Prepare the shortcrust pastry: cut the soft margarine into the flour, and rub it with your hands until crumbly. Add the baking soda and extinguish it with vinegar, mixing well. Separate the yolks from the whites, add the yolks and 1-2 tablespoons of sugar to the dough, and set the whites aside for now. Continue kneading the dough until it forms a ball.

Step 2

Spread the dough by pressing it with your fingers onto a floured baking sheet to form a layer about 0.5 cm thick, or a little thinner. Bake the layer at 180°C for about 15-20 minutes, until it slightly hardens and turns golden, but is not fully cooked yet.

Step 3

Towards the end of the 20 minutes, beat the egg whites with 1 cup of sugar using a mixer until a thick white mass forms.

Step 4

Remove the baking sheet with the layer from the oven and spread the meringue evenly over the layer.

Step 5

Return the baking sheet to the oven and bake for another 10-15 minutes, increasing the heat. The meringue will rise beautifully and become slightly browned, becoming crispy and brittle on top – this is a signal that it’s time to turn off the oven and take out our layer!

Step 6

Wait for the layer with the meringue to cool on the baking sheet – the shortcrust pastry and meringue crumble when hot and break when cut.

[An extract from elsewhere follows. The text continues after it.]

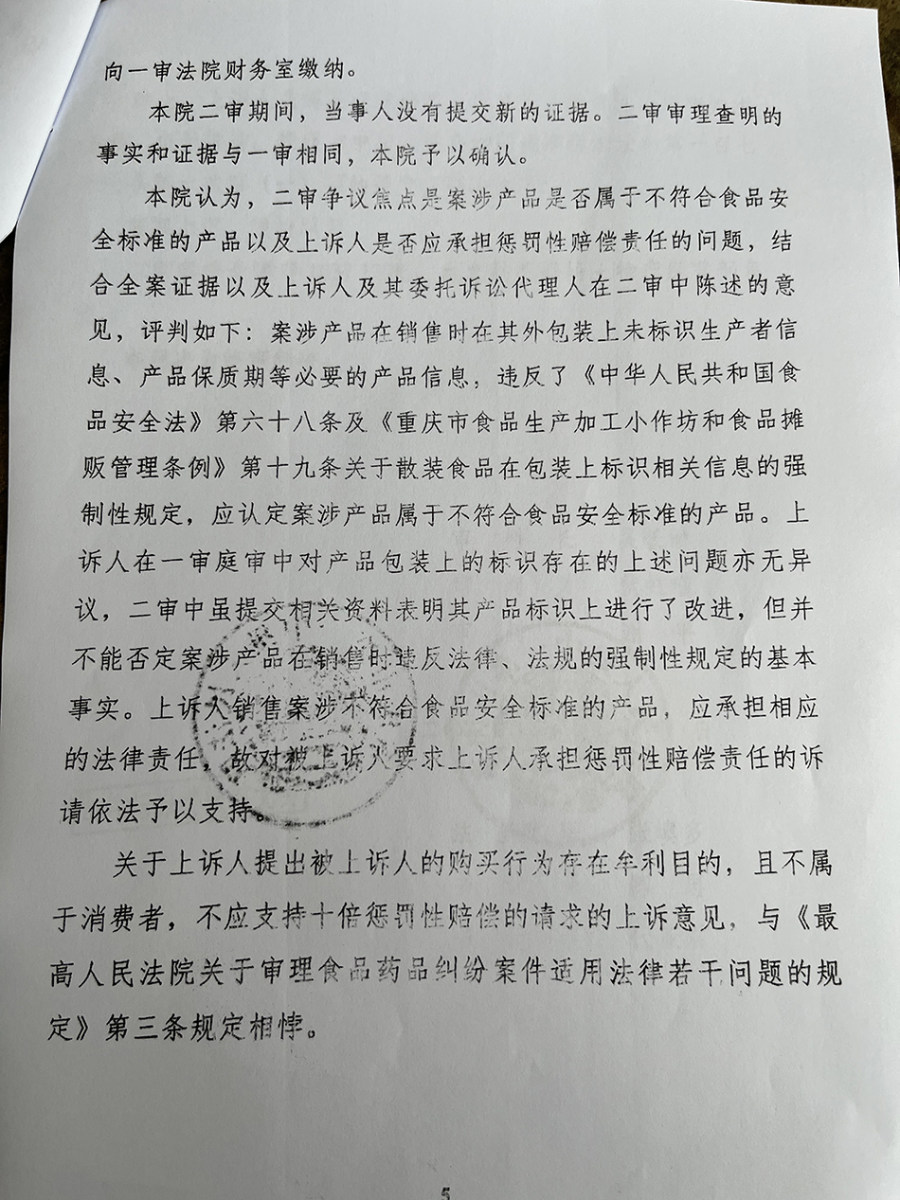 重庆市一中院于2022年4月7日作出的判决书显示,该院二审期间,当事人没有提交新的证据,二审审理查明的事实和证据与一审相同,该院予以确认。该院认为,二审争议焦点是案涉产品是否属于不符合食品安全标准的产品及“毛妈妈经营部”是否应承担惩罚性赔偿责任的问题。案涉产品在销售时,其外包装上未标识生产者信息、产品保质期等必要的产品信息,违反了强制性规定,应认定案涉产品属于不符合食品安全标准的产品。“毛妈妈经营部”在一审中对产品包装上的标识存在的上述问题亦无异议,二审中虽提交相关资料表明其产品标识上进行了改进,但并不能否认案涉产品在销售时违反法律、法规的强制性规定的基本事实。“毛妈妈经营部”销售案涉不符合食品安全标准的产品,应承担相应的法律责任。故对邵佰春要求“毛妈妈经营部”承担惩罚性赔偿责任的诉请予以支持。
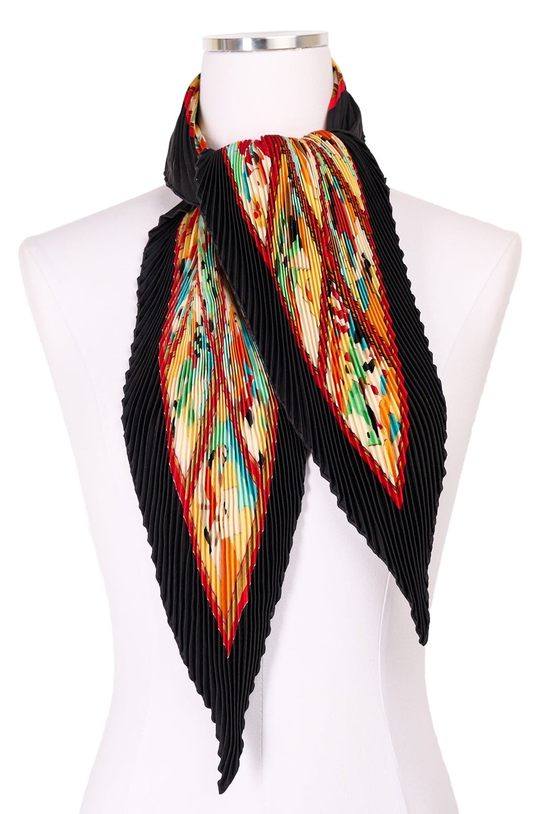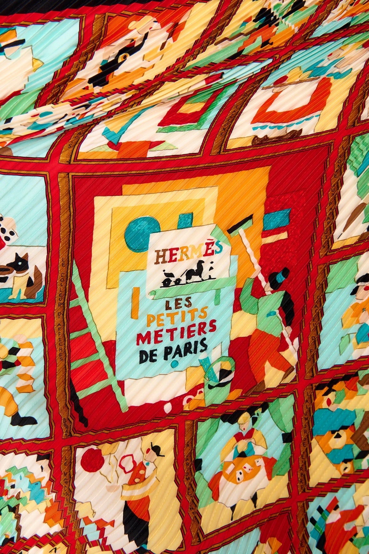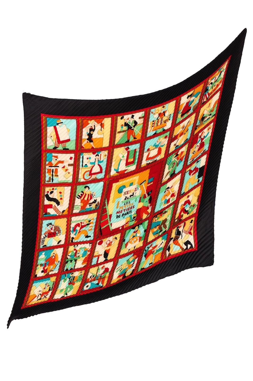 Pre-loved Hermes Les Petits Metiers de Paris Plisse Scarf in black, orange and teal

When warm, you can cut the layer into three pieces.

Step 7

While the layer cools, prepare the custard. Briefly: dissolve half a cup of sugar and ¼ cup of water over low heat, stirring until the granules disappear. Add the remaining ¼ cup of water, previously mixed with 1 tablespoon of flour. Stirring, cook until boiling and thickening. Remove from heat and let cool. Add the softened butter to the cooled custard and beat with a mixer until a uniform fluffy mass forms. You can use another custard recipe; I took my favorite, the simplest one.

Step 8

Assemble the cake: 1st layer – layer with meringue; 2nd layer – custard; 3rd layer – layer with meringue; 4th layer – custard; 5th layer – pureed blackcurrants; 6th layer – layer with meringue.